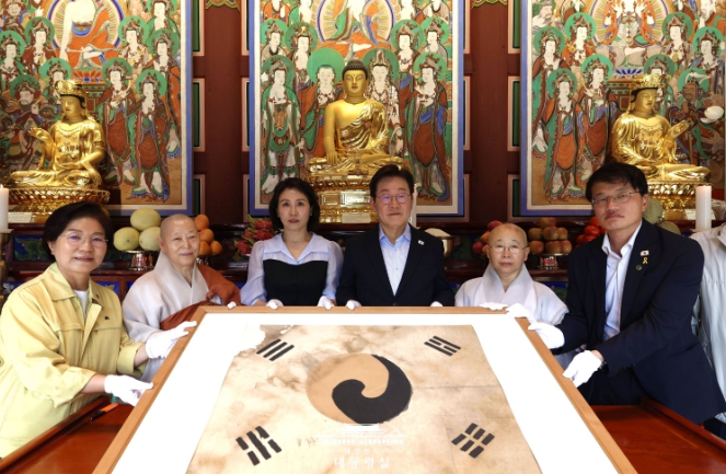 [뉴스서치] 이재명 대통령 내외는 17일 오후 서울 은평구에 위치한 진관사를 방문했다. 진관사는 일제강점기 일장기 위에 먹물로 태극문양과 4괘를 덧칠해 만든 '진관사 태극기'와 독립신문이 발견된 역사적인 사찰이다.
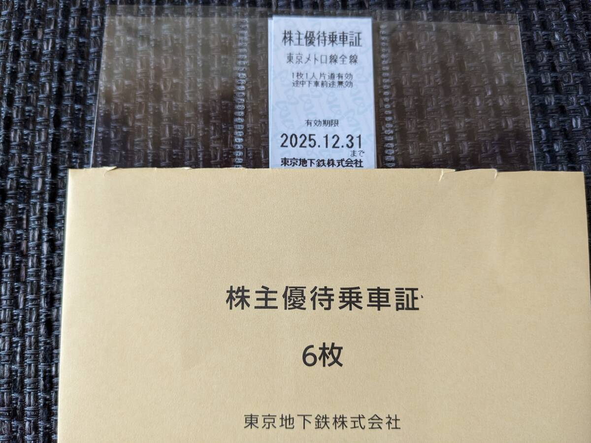 東京地下鉄 東京メトロ 株主優待券 乗車証6枚 2025年12月31日までです。
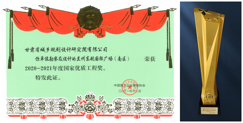 甘肃省城乡规划设计研究院勘察、设计的“兰州东航国际广场(南区)项目”荣获“2020—2021年度国家优质工程奖”。此前,该项目已荣获2020年工程建设项目绿色建造设计水平评价三等成果、2020年度甘肃省优秀工程勘察设计三等奖等多项荣誉。

____________________

YOUR ASSIGNMENT:
Would you return the whole listing exactly, without the pictures?

RESPONSE TO THIS EXERCISE:
 [뉴스서치] 이재명 대통령 내외는 17일 오후 서울 은평구에 위치한 진관사를 방문했다. 진관사는 일제강점기 일장기 위에 먹물로 태극문양과 4괘를 덧칠해 만든 '진관사 태극기'와 독립신문이 발견된 역사적인 사찰이다.
 東京地下鉄 東京メトロ 株主優待券 乗車証6枚 2025年12月31日までです。
 甘肃省城乡规划设计研究院勘察、设计的“兰州东航国际广场(南区)项目”荣获“2020—2021年度国家优质工程奖”。此前,该项目已荣获2020年工程建设项目绿色建造设计水平评价三等成果、2020年度甘肃省优秀工程勘察设计三等奖等多项荣誉。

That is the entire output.